Adding Easier Configuration for Dual-Side Encoders On Split Keyboards (#1133)

* added arg and property for `add_buttons: int` for adding singleton/single-pin buttons to the `coord_mapping`, rather than the user needing to create the coord_mapping manually.

* added documentation for the `add_buttons` argument

* updated description for Multiple Scanners with Custom `coord_mapping`

Author: Vacant0mens

docs/en/encoder.md

@@ -3,7 +3,7 @@ Add twist control to your keyboard!
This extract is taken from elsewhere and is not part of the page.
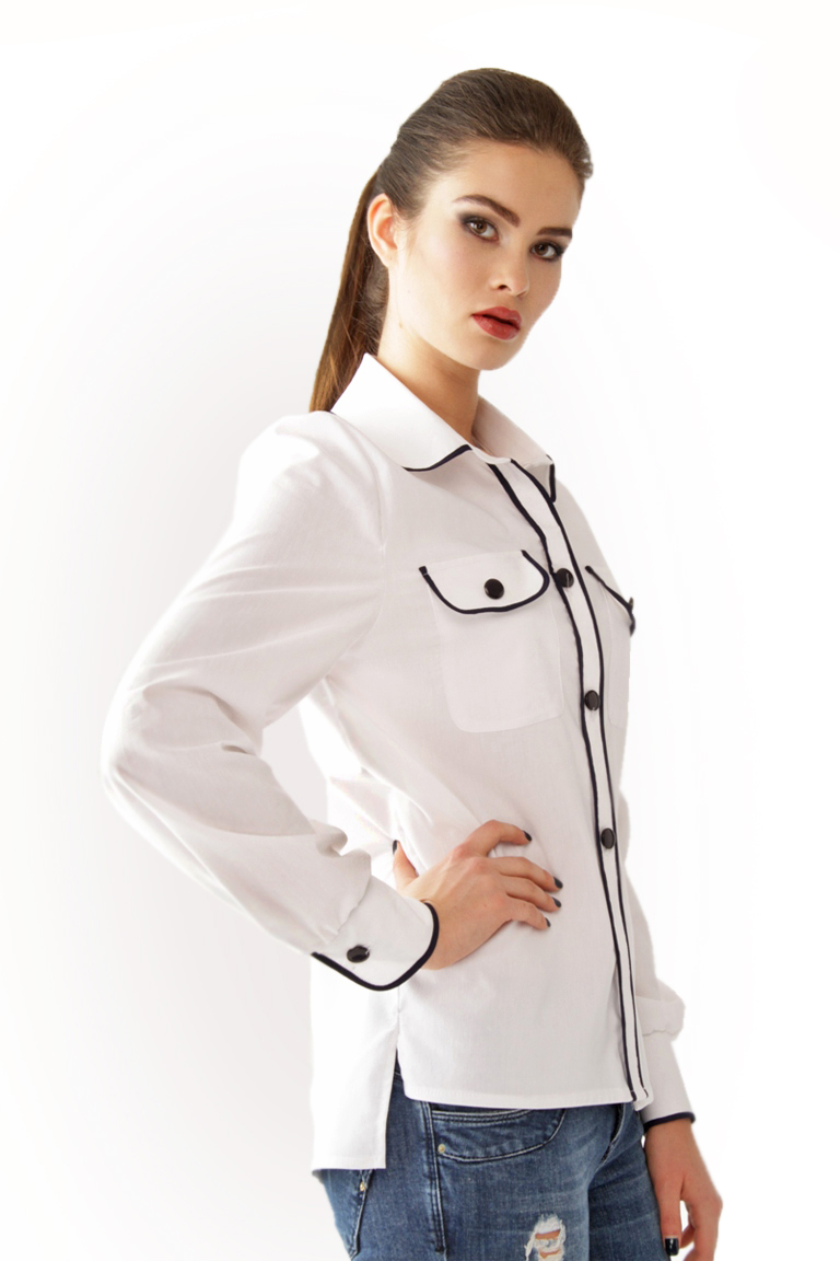 Оригинальная рубашка с контрастными кантами и пуговицами,на передней части накладные карманы,рукав с облегающей манжетой, передняя и задняя части асимметричны.

Volume, zoom, anything you want.
 
 I2C encoder type has been tested with the Adafruit I2C QT Rotary Encoder with NeoPixel.
 
-**Note:** If you have a **split** keyboard and encoders on **both sides** should work, it's currently necessary to use the encoder-scanner explained at the bottom of [scanners docs](scanners.md).
+**Note:** If you have a **split** keyboard and encoders on **both sides** should work, it's currently necessary to use the encoder-scanner. See the Advanced Configuration section of the [scanners docs](scanners.md).
 
 ## Enabling the extension
 The constructor(`EncoderHandler` class) takes a list of encoders, each one defined as either:

docs/en/scanners.md

@@ -150,24 +150,42 @@ class MyKeyboard(KMKKeyboard):
 
 ### RotaryioEncoder
 
-Matrix events from a quadrature ("rotary") encoder?
+Matrix events from a quadrature ("rotary") encoder.
+
+For any rotary encoders that you may include in your keyboard configuration, you can add this scanner to handle the input of the encoder actions (usually: left turn, right turn, and click) and to be able to configure them via the `keyboard.keymap` as if they were regular keys.
+
+Often, rotary encoders are attached as accessories, i.e. alongside a key/button matrix. The below example shows how this can be configured.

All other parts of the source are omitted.